**GIVEN INFORMATION**
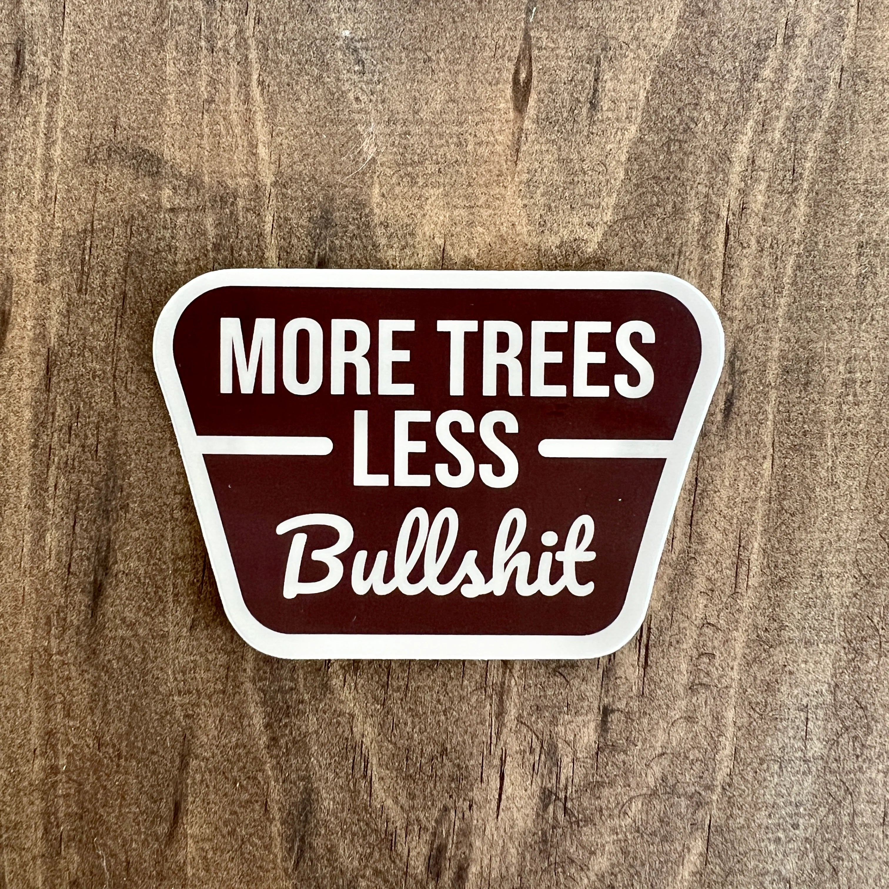 The More Trees Sticker is a waterproof vinyl decal designed to promote environmental awareness while delivering lasting durability. This More Trees Less Bullshit Sticker Decal measures approximately 3.5 by 3 inches, making it the perfect size to display on laptops, water bottles, cars, or any outdoor surface. Its weatherproof and dishwasher safe features ensure it withstands rain, sun, and regular cleaning without fading or peeling. Crafted in the USA, this eco-friendly sticker helps you promote sustainability with a bold message that encourages green living and supports nature.
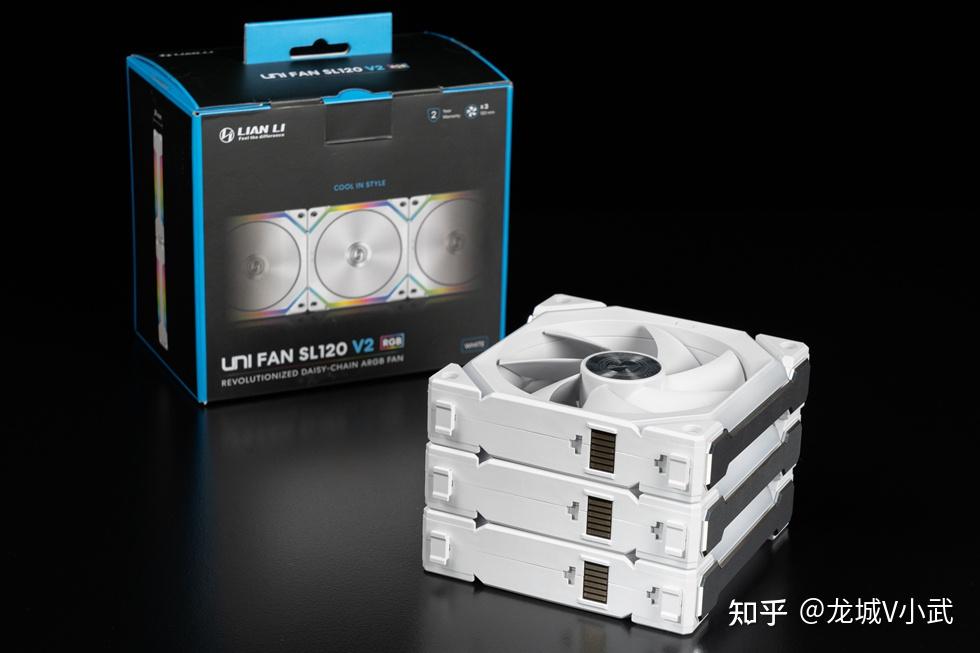 冷却风扇使用李连积木式风扇的SL120 V2版本。作为第一代的升级版,V2版优化了拼接技术,光效也得到了加强。风扇的厚度为28毫米,使冷却效果更好。
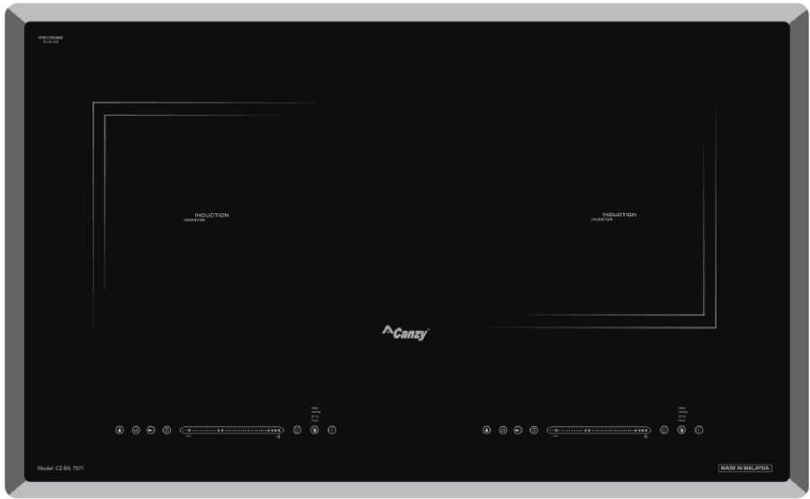 Bếp đôi: 2 vùng từ sử dụng mặt kính Vitro Ceramic vát 4 cạnh bo góc sang trọng

**ASSIGNMENT**
Every line from the one containing "冷却风扇使用李连积木式风扇的" through the last line of the data is to be retyped exactly, with nothing added and no pictures included.

**SOLUTION TO THE PROBLEM**
 冷却风扇使用李连积木式风扇的SL120 V2版本。作为第一代的升级版,V2版优化了拼接技术,光效也得到了加强。风扇的厚度为28毫米,使冷却效果更好。
 Bếp đôi: 2 vùng từ sử dụng mặt kính Vitro Ceramic vát 4 cạnh bo góc sang trọng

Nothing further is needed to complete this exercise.